Week 3 – Persepolis

In week 3 las ik PERSEPOLIS, de autobiografische strip van Marjane Satrapi. Het origineel verscheen in vier delen in het Frans, werd in het Engels in twee delen gebundeld, maar verscheen in 2007 in één band – en die (Engelstalige) versie lag een week lang naast mijn bed. In het boek beschrijft Satrapi hoe ze als meisje in Iran verschillende periodes van de Iraanse revolutie meemaakte.

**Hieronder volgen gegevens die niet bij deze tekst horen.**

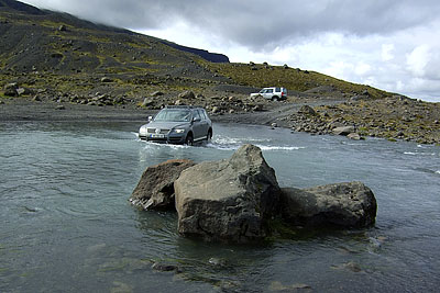With the exception of the two fords, the Sprengisandur (F26) is easy to drive and leads through great scenery. In this huge desolated desert you can often see bright moss-lined rivers and in the background Europe’s largest glacier, the Vatnajökull. The Sprengisandur is highly recommended, just be careful with the fords.
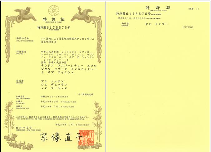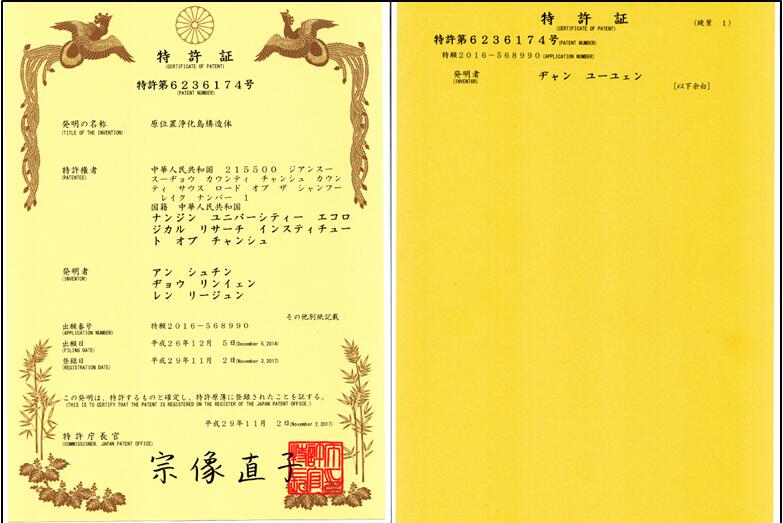 近日,南京大学常熟生态研究院(公司)收到日本专利局发来的“人工湿地污水处理装置及其处理污水的方法”(专利号6175575)、“原位净化岛结构及其构建方法”(专利号6236174)两项国际专利证书,这是公司获得的首批国际发明专利。
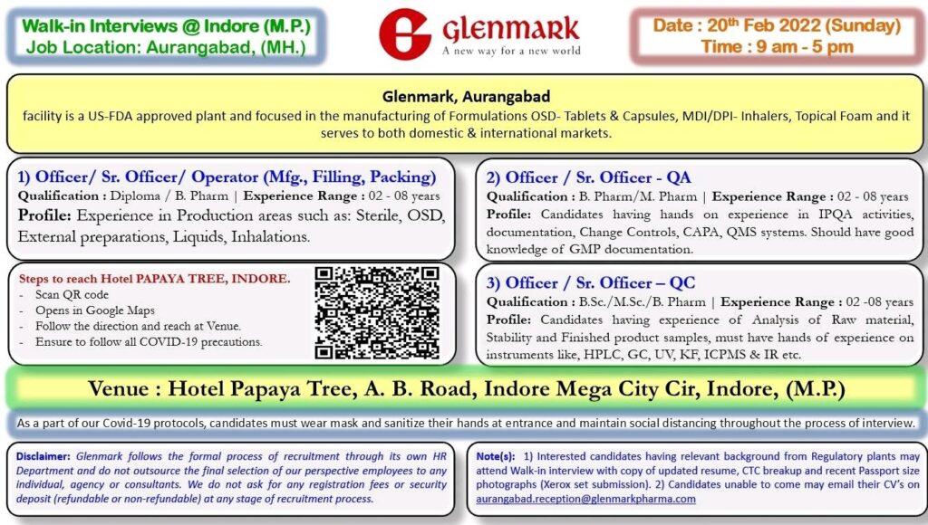 Glenmark Pharma Limited, Walk-In Interviews for Production, Packing, QA, QC & Filling on 20th Feb’ 2021

Ik heb nog nooit zoiets gelezen. Persepolis is een nauwkeurig historisch verslag van de verwarrende en geweldadige recente geschiedenis van Iran. En ik val maar meteen met de deur in huis: Persepolis is ijzersterk in beeld gebracht. Satrapi tekent een kale, bijna schematische wereld, in sober zwart-wit. Haar personages zijn eenvoudige poppetjes, hun decor niet meer dan streepjes en vlakken.

persep

Dat heeft een fenomenaal effect. Het biedt Satrapi de kans om beeldbepalende elementen achterwege te laten: de huidskleuren van haar personages, de sfeer van haar exotische locaties en alle andere plaatsgebonden kenmerken vervallen. Het voelt vreemd om toe te geven, maar je vergeet dat Persepolis in het Midden-Oosten speelt. Deze regio wordt vaker in beeld gebracht, maar bij andere boeken, documentaires of zelfs journaalbeelden kun je je stilzwijgend verschuilen achter het argument van afstandelijkheid. Het blijft een exotische geschiedenis: voor de westerse toehoorder gaat de Arabische actualiteit over een gekleurde ander in een exotisch klimaat. Maar Persepolis toont niet de typische Iranees, geen gekleurde personages in een ver land: met deze zwart-wit poppetjes en hun eenvoudig gezichtsuitdrukkingen maakt Satrapi de angst, de veerkracht en de heimwee van haar personages universeel. Ze maakt duidelijk dat mijn onwetendheid over de ellende in Iran en het omliggende gebied niet te legitimeren valt met ‘ver-van-mijn bed’. Voor het eerst las ik over de actualiteit in Iran en dacht ik: dit had mij kunnen overkomen. Dat is wat tekenwerk kan doen.

En alleen daarom zou iedereen Persepolis moeten lezen.